8 de nov de 2012

Explicados os "regadores" cósmicos

Estranho par de estrelas velhas esculpe forma espetacular numa nebulosa planetária
Esta nova imagem do Very Large Telescope do ESO mostra a nebulosa planetária Fleming 1 na constelação do Centauro. Este objeto consiste numa nuvem brilhante de gás em torno de uma estrela moribunda. As novas observações mostraram que existe, muito provavelmente, um par de estrelas anãs brancas no coração deste objeto, algo bastante raro. Os movimentos orbitais deste sistema binário explicam de forma perfeita as estruturas simétricas dos jatos existentes nas nuvens de gás circundantes, neste e noutros objetos similares. Créditos: ESO/H. Boffin

Os astrónomos utilizaram o Very Large Telescope do ESO para descobrir um par de estrelas que orbitam em torno uma da outra no centro de um dos mais fantásticos exemplos de nebulosas planetárias. O novo resultado confirma uma teoria há muito debatida sobre o que controla a aparência espetacular e simétrica do material que é lançado no espaço. Os resultados serão publicados a 9 de novembro de 2012 na revista Science. As nebulosas planetárias são conchas brilhantes de gás que se situam em volta de anãs brancas - estrelas do tipo do Sol nas fases finais das suas vidas. Fleming 1 é um belo exemplo de tais objetos, apresentando jatos extraordinariamente simétricos, entrelaçados em padrões curvos e nodosos. Está situada na constelação austral do Centauro e foi descoberta há cerca de um século atrás por Williamina Fleming, uma antiga governanta contratada pelo Observatório de Havard, depois de ter mostrada aptidão para a astronomia.

Os astrónomos debatem desde há muito como é que estes jatos simétricos se podem criar, sem nunca chegar a um consenso. Agora, uma equipa de investigação liderada por Henri Boffin (ESO, Chile) combinou observações de Fleming 1 do Very Large Telescope (VLT) com modelos de computador existentes, para explicar pela primeira vez em pormenor como é que estes estranhos jatos se formam.
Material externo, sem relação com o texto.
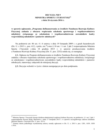 DECYZJA NR 9 MINISTRA SPORTU I TURYSTYKI1) z dnia 26 stycznia 2016 r. w sprawie ogłoszenia „Programu dofinansowania ze środków Funduszu Rozwoju Kultury Fizycznej zadania z obszaru wspierania szkolenia sportowego i współzawodnictwa młodzieży związanego ze szkoleniem i współzawodnictwem zawodników kadry wojewódzkiej młodzików i juniorów młodszych” Na podstawie art. 86 ust. 4 i 6 ustawy z dnia 19 listopada 2009 r. o grach hazardowych (Dz. U. z 2015 r., poz. 612, z późn. zm.2)) oraz § 10 ust. 1 i ust. 2 pkt 2 rozporządzenia Ministra Sportu i Turystyki z dnia 18 grudnia 2015 r. w sprawie przekazywania środków z Funduszu Rozwoju Kultury Fizycznej (Dz. U. poz. 2252) ustala się, co następuje: § 1. Ogłasza się Program dofinansowania ze środków Funduszu Rozwoju Kultury Fizycznej zadania z obszaru wspierania szkolenia sportowego i współzawodnictwa młodzieży związanego ze szkoleniem i współzawodnictwem zawodników kadry wojewódzkiej młodzików i juniorów młodszych, stanowiący załącznik do niniejszej decyzji. § 2. Decyzja wchodzi w życie z dniem następującym po dniu podpisania. 1) Minister Sportu i Turystyki kieruje działem administracji rządowej kultura fizyczna, na podstawie § 1 ust. 2 pkt 1 rozporządzenia Prezesa Rady Ministrów z dnia 17 listopada 2015 r. w sprawie szczegółowego zakresu działania Ministra Sportu i Turystyki (Dz. U. poz. 1911). 2) Zmiany tekstu jednolitego wymienionej ustawy zostały ogłoszone w Dz. U. z. 2015 r. poz. 1201, 1639, 1830 i 1916. 1 Załącznik do Decyzji nr Ministra Sportu i Turystyki z dnia stycznia 2016 roku PROGRAM DOFINANSOWANIA ZE ŚRODKÓW FUNDUSZU ROZWOJU KULTURY FIZYCZNEJ ZADANIA Z OBSZARU WSPIERANIA SZKOLENIA SPORTOWEGO I WSPÓŁZAWODNICTWA MŁODZIEŻY ZWIĄZANEGO ZE SZKOLENIEM I WSPÓŁZAWODNICTWEM ZAWODNIKÓW KADRY WOJEWÓDZKIEJ MŁODZIKÓW I JUNIORÓW MŁODSZYCH 2 Na podstawie art. 86 ust. 4 i 6 ustawy z dnia 19 listopada 2009 r. o grach hazardowych (Dz. U. z 2015 r. poz. 612, z późn. zm. 3)) oraz § 10 ust. 1 i ust. 2 pkt 2 rozporządzenia Ministra Sportu i Turystyki z dnia 18 grudnia 2015 r. w sprawie przekazywania środków z Funduszu Rozwoju Kultury Fizycznej (Dz. U. poz. 2252), zwanego dalej „rozporządzeniem”, ogłasza się „Program dofinansowania ze środków Funduszu Rozwoju Kultury Fizycznej zadania z obszaru wspierania szkolenia sportowego i współzawodnictwa młodzieży związanego ze szkoleniem i współzawodnictwem zawodników kadry wojewódzkiej młodzików i juniorów młodszych, zwany dalej „Programem”. I. ZAŁOŻENIA PROGRAMOWE 1. Celem Programu jest wyselekcjonowanie utalentowanych sportowo zawodników do dalszego szkolenia w placówkach sportowych i kadrach narodowych polskich związków sportowych poprzez zapewnienie optymalnych warunków szkolenia i możliwości podnoszenia poziomu sportowego młodzieży uzdolnionej sportowo. 2. Programem objęci są zawodnicy w kategoriach wiekowych młodzika i juniora młodszego zwani dalej Kadrą Wojewódzką. 3. Dofinansowanie szkolenia zawodników odbywać się będzie niezależnie od ich udziału w innych zadaniach zleconych przez Ministra Sportu i Turystyki, zwanego dalej „Ministrem”, z zastrzeżeniem możliwości uczestnictwa zawodnika tylko w jednej akcji w danym czasie. II. RODZAJ ZADANIA PRZEWIDZIANEGO DO REALIZACJI W ramach Programu przewiduje się do realizacji zadanie związane ze szkoleniem i współzawodnictwem zawodników kadry wojewódzkiej młodzików i juniorów młodszych obejmujące następujące działania: 1) szkolenie zawodników Kadry Wojewódzkiej w sportach i kategoriach wiekowych wykazanych w załączniku nr 1 do Programu; 2) Międzywojewódzkie Mistrzostwa Młodzików (MMM). III. PODMIOTY UPRAWNIONE DO UZYSKANIA DOFINANSOWANIA Wniosek o dofinansowanie może składać podmiot wybrany przez właściwego Marszałka Województwa na podstawie przepisów ustawy z dnia o pożytku publicznym i wolontariacie (Dz. U. z 2014 r. poz. 1118, z późn. zm.4)), tj.: ogólnokrajowe stowarzyszenie lub związek stowarzyszeń działający w obszarze kultury fizycznej – zwany dalej Wnioskodawcą. 3) Zmiany tekstu jednolitego wymienionej ustawy zostały ogłoszone w Dz. U. z. 2015 r. poz. 1201, 1639, 1830 i 1916. 4) Zmiany tekstu jednolitego wymienionej ustawy zostały ogłoszone w Dz. U. z 2014 r., poz. 1138 i 1146 oraz z 2015 r. poz. 1255, 1333, 1339 i 1777. 3 IV. WYSOKOŚĆ ŚRODKÓW PRZEZNACZONYCH NA REALIZACJĘ PROGRAMU 1. Na realizację Programu Minister przeznacza kwotę 22 500 000,00 zł ujętą w projekcie ustawy budżetowej na rok 2016. 2. W przypadku zmniejszenia przychodów z FRKF w stosunku do założonego planu, Minister może zmienić kwotę przyznanego dofinansowania w formie aneksu do umowy. V. WARUNKI UDZIELANIA DOFINANSOWANIA I JEGO WYSOKOŚĆ 1. Wnioskodawca przedstawia wniosek o dofinasowanie zadania ze środków FRKF w podziale na poszczególne działania. 2. Wymogi formalne wniosku z zakresu rozwijania sportu i aktywności fizycznej określa § 12 rozporządzenia. 3. Załącznikami do wniosku są: 1) preliminarz kosztów bezpośrednich i pośrednich – zestawienie zbiorcze kosztów; 2) koszty pośrednie – obsługa zadania; 3) aktualny odpis lub wydruk komputerowy z Krajowego Rejestru Sądowego albo zaświadczenie bądź informację sporządzoną na podstawie ewidencji właściwej dla formy organizacyjnej wnioskodawcy, wraz z oświadczeniem potwierdzającym zgodność i aktualność danych na dzień składania wniosku; 4) statut wnioskodawcy; 5) dokument potwierdzający wybór Wnioskodawcy przez Marszałka Województwa; 6) ramowy program szkolenia oraz regulamin szkolenia Kadry Wojewódzkiej w 2016 r.; 7) schemat struktury szkolenia sportowego. 4. Wniosek należy złożyć: - w formie elektronicznej za pośrednictwem systemu AMODIT, - w formie papierowej wraz z załącznikami o których mowa w ust. 3. 5. Wzór wniosku o dofinansowanie zadania w ramach Programu, a także wzór umowy na realizac

A equipa utilizou o VLT do ESO para estudar a radiação emitida pela estrela central e descobriu que a Fleming 1 tem provavelmente, não uma, mas duas anãs brancas no seu centro, orbitando em torno uma da outra a cada 1,2 dias. Embora estrelas binárias tenham já sido encontradas anteriormente no coração de nebulosas planetárias, o certo é que os sistemas com duas anãs brancas a orbitar uma em torno da outra são muito raros.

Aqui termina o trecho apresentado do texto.